When Kate walked up to me, I struggled to find something good to say.  But, I managed, “You had two times just before halftime where you controlled the ball well and dribbled toward their goal.  I was very proud of you.”  Kate hugged me and with tears in her eyes said, “Daddy, I wanted you to know that I was trying hard and giving everything so that you would be proud of me.  I wanted you to know that I enjoy playing soccer.”  
  
I fought back my tears and hugged her and told her that my pride in her did not depend on how she played soccer.  “I love you and I am proud of because you are my daughter.  It is because I love you that I want you to play soccer well.  But, never forget that I am proud of you and will love you no matter how you play.  I love you because you are you!”  It was a moment, one of many in our lives together that I hope help her know a little bit about the depth of love I have for her.  Maybe I wasn't as bad of a father as the guilt made me feel.  The moment of grace we shared was an important reminder to me about how important staying positive with our children is.  I would have never heard her words of grace to me, if I had not accentuated the positives.  My words of love would have been hollow if I had launched into a critique of her game or the coaches.  I would have missed the blessing if I had strayed from encouraging her.
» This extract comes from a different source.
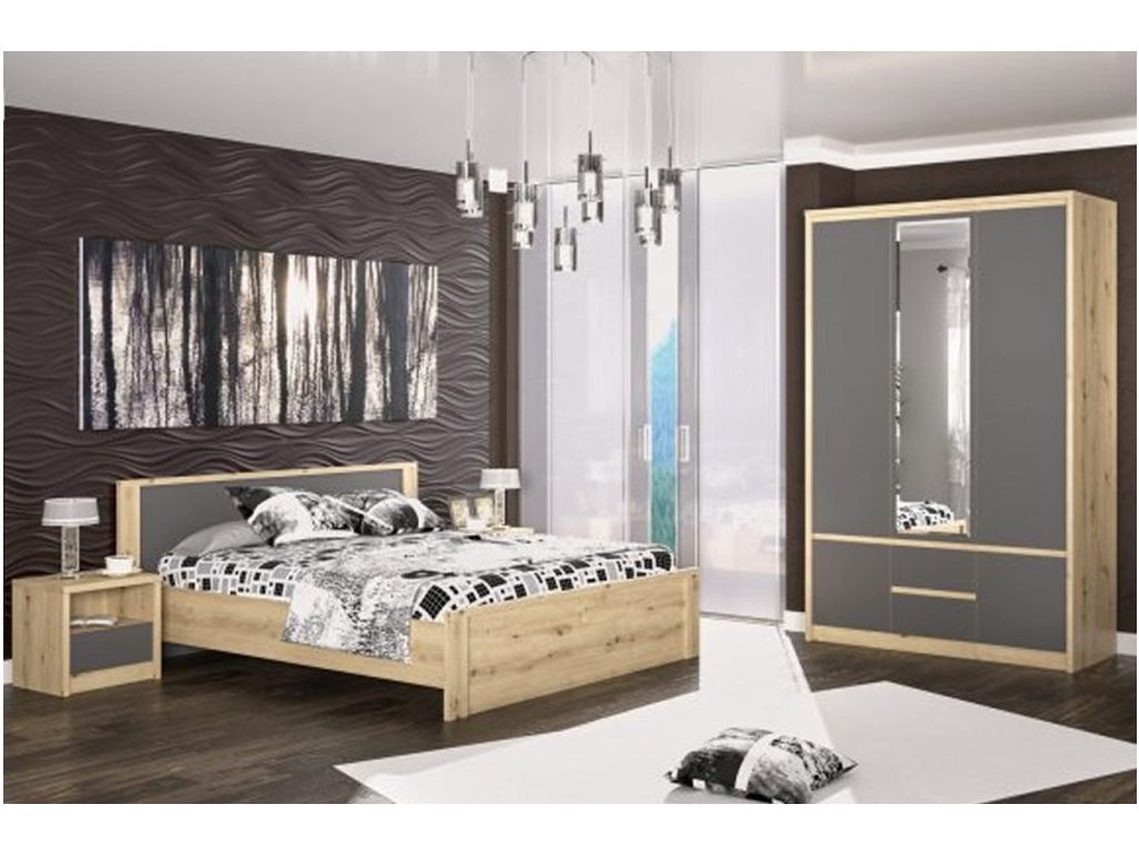 Sestava do ložnice ze sektorového nábytku. Barevné provedení dub artisan/šedý je zajímavé zachováním struktury dřeva. Bezúchytový systém podtrhuje jednoduchost, eleganci a moderní styl této řady. Nabídka komponentů této sektorové řady umožňuje sestavit si nábytek do ložnice dle vlastních představ. Sestava se skládá z (š/v/hl): postel 160 ( 184,8 x 85 x 204,3 cm), 2 kusy nočního stolku ( 46,4 x 45,6 x 39,3 cm ), komody se 4 zásuvkami (89 x 92 x 39,3 cm). Možnost dokoupení šatní skříně a zrcadla. V ceně není zahrnuta matrace ani rošt, možno dokoupit, vhodný rozměr 160 x 200 cm nebo 2 ks 80 x 200 cm. Vyrobeno z kvalitní LTD desky. Dodáváme v demontovaném stavu.Doplňkové parametry
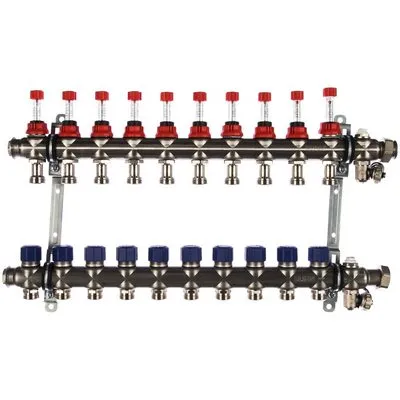 Коллекторная группа Elsen с регулирующими вентильными вставками М30х1,5 для термостатического либо электронного регулирования используется в системах отопления радиаторного типа или иных типов. Изделие комплектуется кранами Маевского для удаления воздуха из системы. Коллекторная группа поставляется в конфигурации от 2 до 12 контуров.

That moment with my daughter was a gift given to me by the unconditional love found in my faith.  A faith that I am blessed to share with my wife.  It shaped our conversation at halftime and helped us do what was right even when it meant that our unexpressed angst would heighten our frustration.  It was worth it to let Kate learn more about love.

When our Bibles tell us that we have a heavenly father and uses the language of adoption and describes us as children of God, what does that mean?  I believe that there is a grace that has gone before from an unconditional love.  This love and grace is made known in the life, death, and resurrection of our Lord Jesus Christ.  No matter how much our efforts seem in vain, there is a God who loves us like a parent should.  God loves us.  Not because of how we play the game, but because we are God’s children.  This grace is also called prevenient grace.  It is a grace that has gone before and existed not because of what we have done, but because God loves us and has made us God's own.  With a bond more amazing than Laura's and my love for Kate, God loves each one of us.  And, God’s unconditional love prompts us to right action and effort, even when our game seems lost.

This love and grace showed up in that moment and gave me a better relationship with my daughter and brought a peace to me about this season that made all of those frustrating games worth it.  (Read 1 John 4:9-11) How might the unconditional love and prevenient grace found in our Lord Jesus Christ change and shape your relationships?